:: TASK BRIEF ::
Could the data below be copied exactly, minus the pictures?

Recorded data

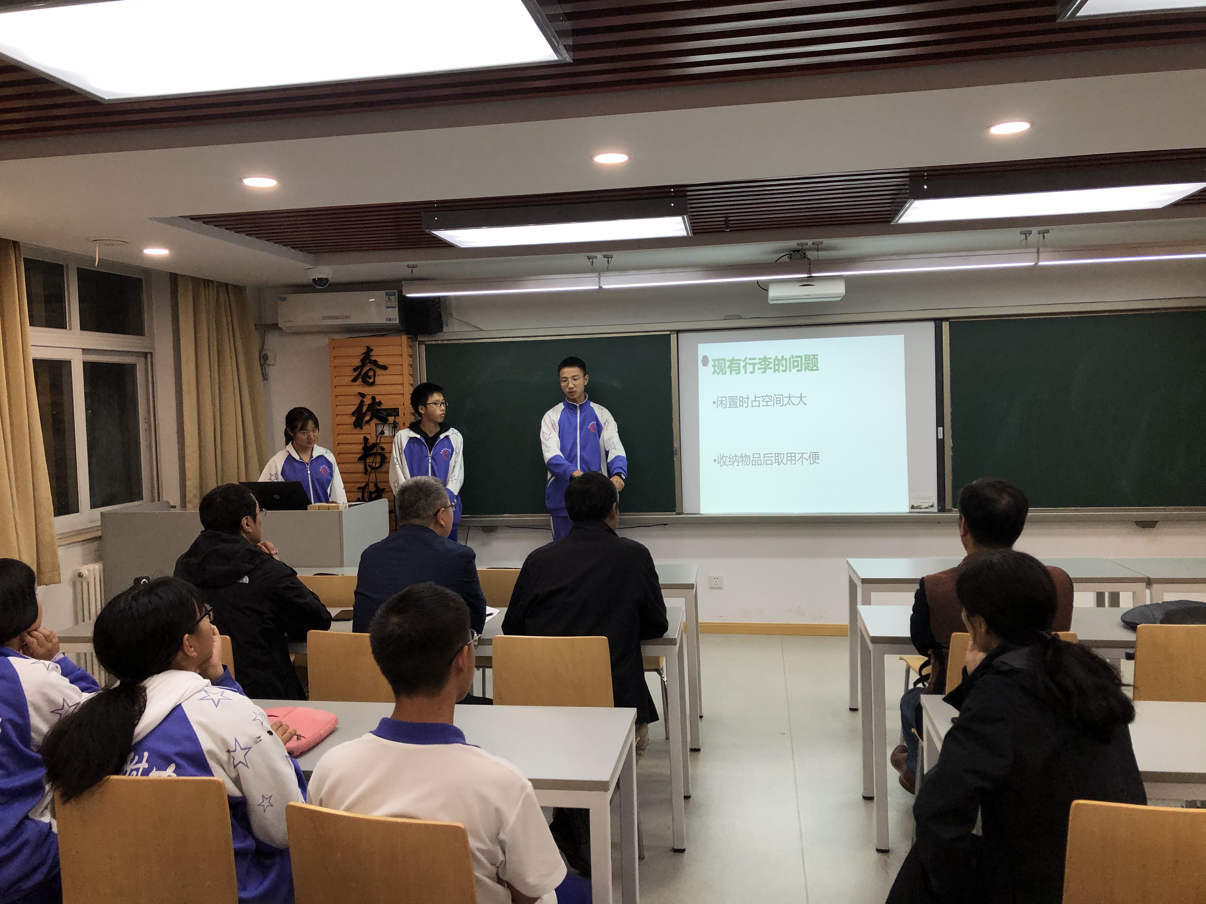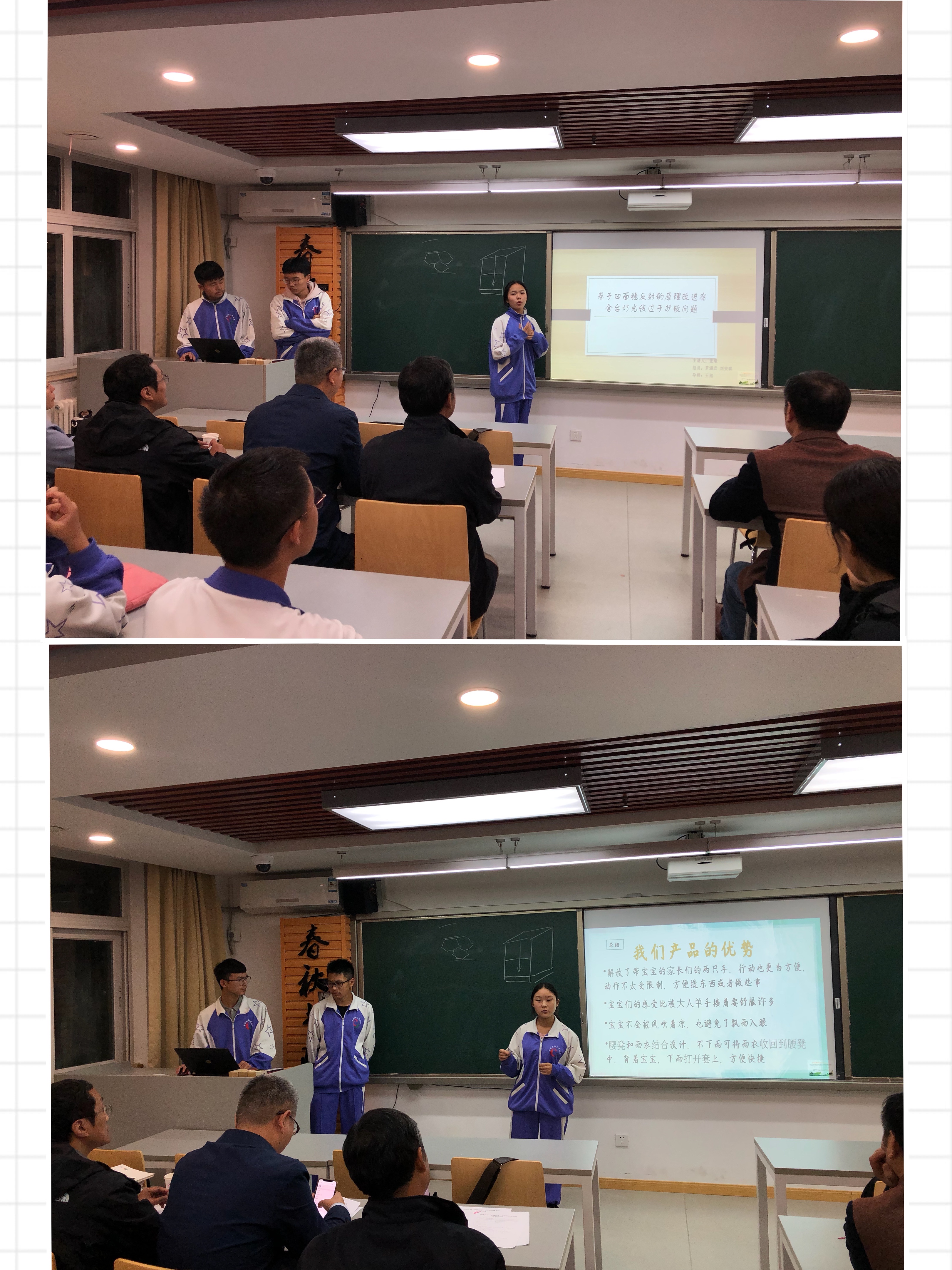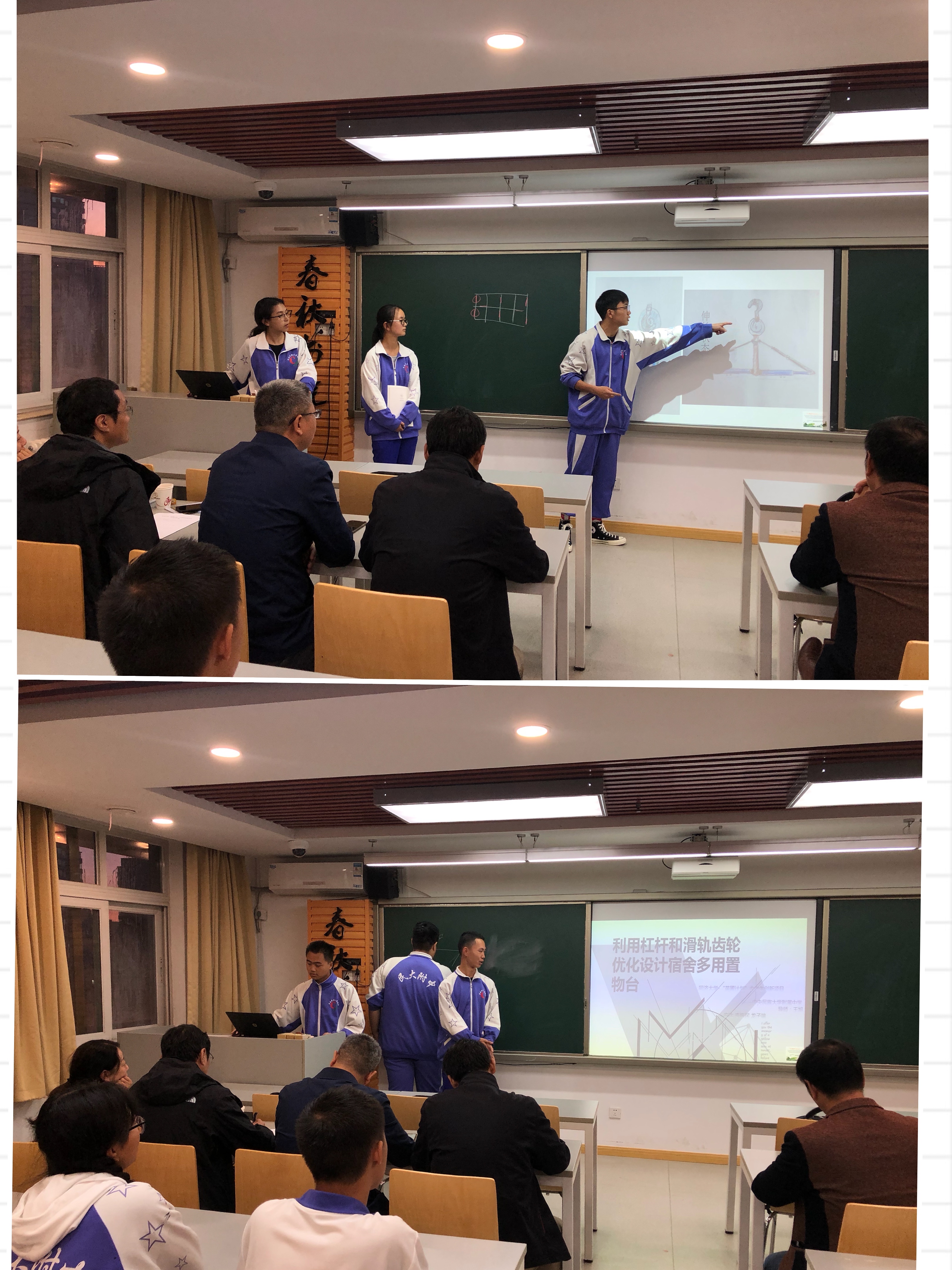 稍作休息后,专家组又紧锣密鼓地开始了高二年级”苗圃计划“新成员的开题汇报。29名同学组成的10个小组将自己的创意想法向评委做了阐述。10组同学分别以《利用伸缩杆结构和压强原理改进的万能衣架》、《利用杠杆和滑轨齿轮优化设计宿舍多用置物台》、《利用物理摩擦力原理制作水杯防倒底座》、《利用摩擦起电原理基于粘头发问题对扫把进行优化》、《利用离心力将雨伞甩干的甩干机》、《基于折叠及拼装原理对现有行李箱收纳能力的优化》、《基于可调卡口和旋转改进桌面杯夹》、《基于凹透镜反射原理改进宿舍台灯光线过于扩散的问题》、《关于利用抱枕被子收纳的原理将婴儿背带腰凳和雨衣融合的创新优化》和《利用吸盘改进雨伞挂》为题,对自己的立项课题进行了展示。
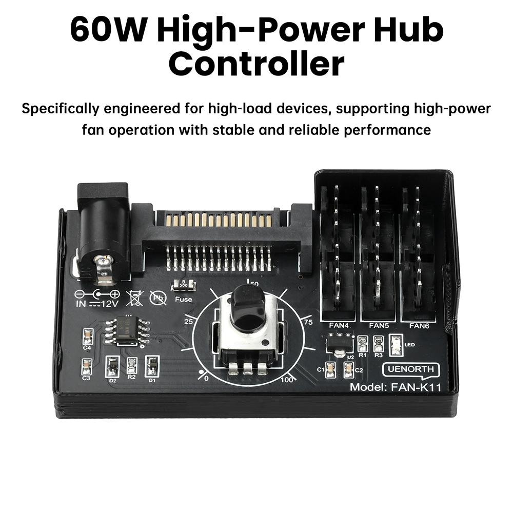 Computer Fan Speed Controller 60W High Power Hub Sata DC Power Controller NAS Server 4Pin Fan Speed Control PWM Speed Regulation
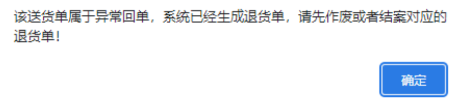 点晴模切ERP-送货单驳回时提示:该送货单属于异常回单,系统已经生成退货单,请先作废或者结案对应的退货单!如何解决
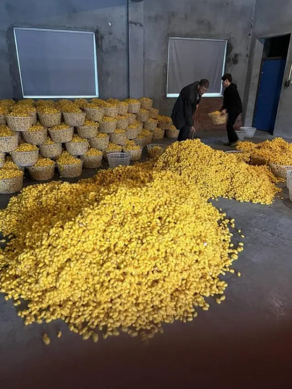 “黃金繭”,繭如其名,蠶寶寶吐出來的蠶絲是金黃色的,猶如一根根金絲線,結(jié)出來的繭子,一個(gè)個(gè)色澤亮麗。
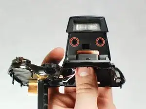 Удалите штифты, удерживающие механизм вспышки на месте. Может понадобиться пинцет.
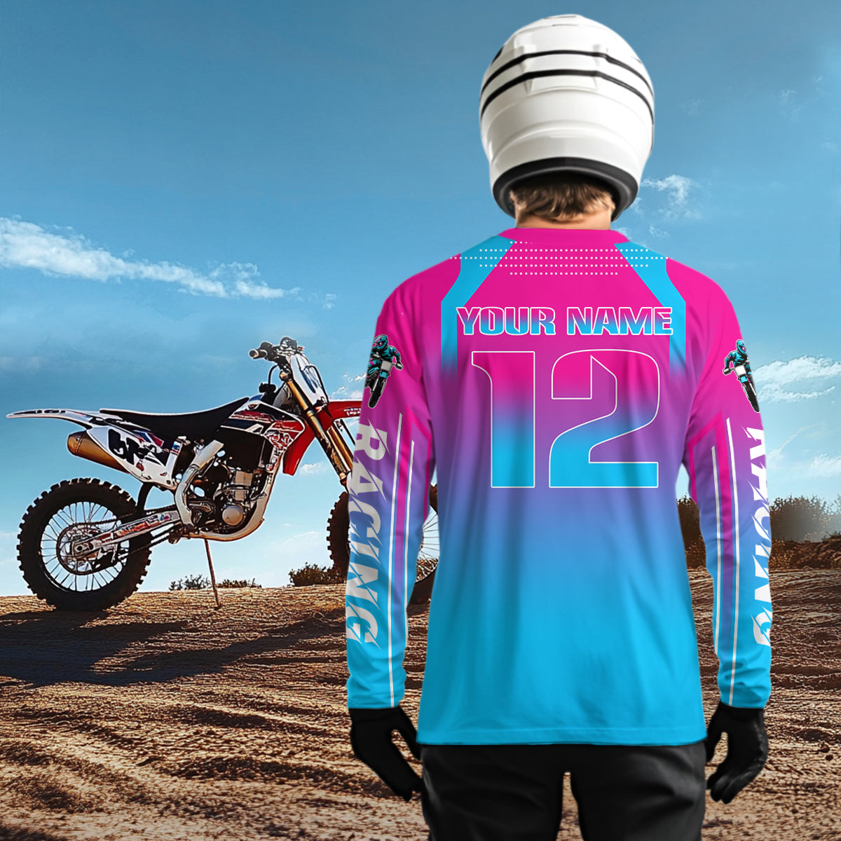 • PERSONALIZED MOTOCROSS JERSEY: This super cool long-sleeved shirt is exactly what all bikers are looking for. Add your name/number to make it a unique one that bears your own imprints.
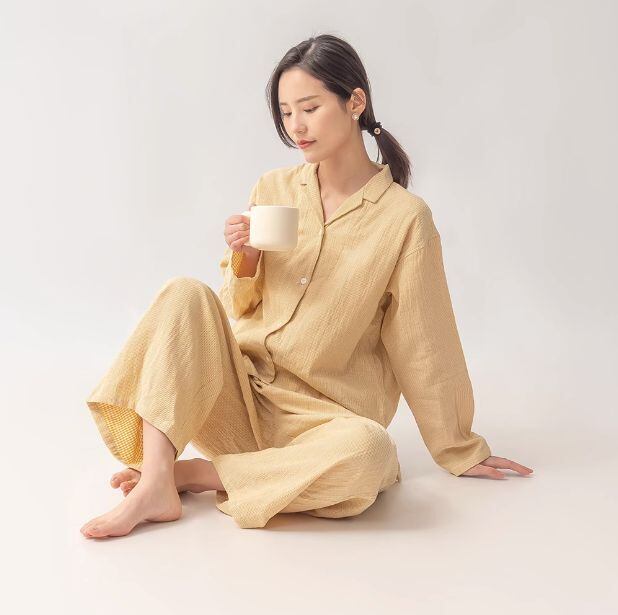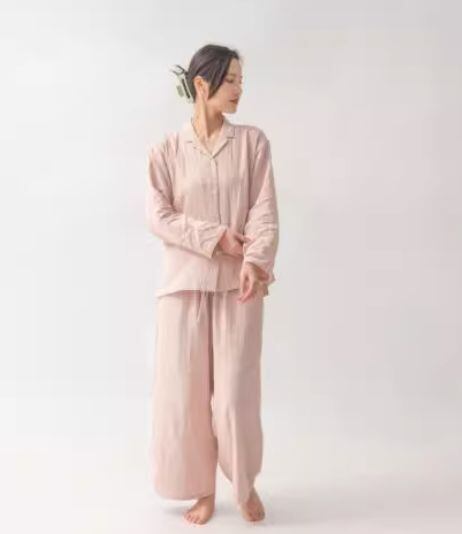 セットアップ レディース ルームウエア 部屋着 パジャマ 長袖開襟シャツ 長ズボン ロング丈パンツ ウエストゴム 2点セット 上下セット 大人可愛い シンプル カジュアル おしゃれ お洒落 楽ちん リラックス こなれ感 ラフ メンズライク スポーティー M L XL ストライプ柄 縦縞 無地 綿 コットン イエロー 黄色 ピンク グレー 灰色 春 夏 秋 10代 20代 30代 40代 50代 60代 男女兼用 旅行 リゾート リラックス 普段使い デイリー お揃い 双子 ユニセックス

:: SOLUTION TO THE EXERCISE ::
 稍作休息后,专家组又紧锣密鼓地开始了高二年级”苗圃计划“新成员的开题汇报。29名同学组成的10个小组将自己的创意想法向评委做了阐述。10组同学分别以《利用伸缩杆结构和压强原理改进的万能衣架》、《利用杠杆和滑轨齿轮优化设计宿舍多用置物台》、《利用物理摩擦力原理制作水杯防倒底座》、《利用摩擦起电原理基于粘头发问题对扫把进行优化》、《利用离心力将雨伞甩干的甩干机》、《基于折叠及拼装原理对现有行李箱收纳能力的优化》、《基于可调卡口和旋转改进桌面杯夹》、《基于凹透镜反射原理改进宿舍台灯光线过于扩散的问题》、《关于利用抱枕被子收纳的原理将婴儿背带腰凳和雨衣融合的创新优化》和《利用吸盘改进雨伞挂》为题,对自己的立项课题进行了展示。
 Computer Fan Speed Controller 60W High Power Hub Sata DC Power Controller NAS Server 4Pin Fan Speed Control PWM Speed Regulation
 点晴模切ERP-送货单驳回时提示:该送货单属于异常回单,系统已经生成退货单,请先作废或者结案对应的退货单!如何解决
 “黃金繭”,繭如其名,蠶寶寶吐出來的蠶絲是金黃色的,猶如一根根金絲線,結(jié)出來的繭子,一個(gè)個(gè)色澤亮麗。
 Удалите штифты, удерживающие механизм вспышки на месте. Может понадобиться пинцет.
 • PERSONALIZED MOTOCROSS JERSEY: This super cool long-sleeved shirt is exactly what all bikers are looking for. Add your name/number to make it a unique one that bears your own imprints.
 セットアップ レディース ルームウエア 部屋着 パジャマ 長袖開襟シャツ 長ズボン ロング丈パンツ ウエストゴム 2点セット 上下セット 大人可愛い シンプル カジュアル おしゃれ お洒落 楽ちん リラックス こなれ感 ラフ メンズライク スポーティー M L XL ストライプ柄 縦縞 無地 綿 コットン イエロー 黄色 ピンク グレー 灰色 春 夏 秋 10代 20代 30代 40代 50代 60代 男女兼用 旅行 リゾート リラックス 普段使い デイリー お揃い 双子 ユニセックス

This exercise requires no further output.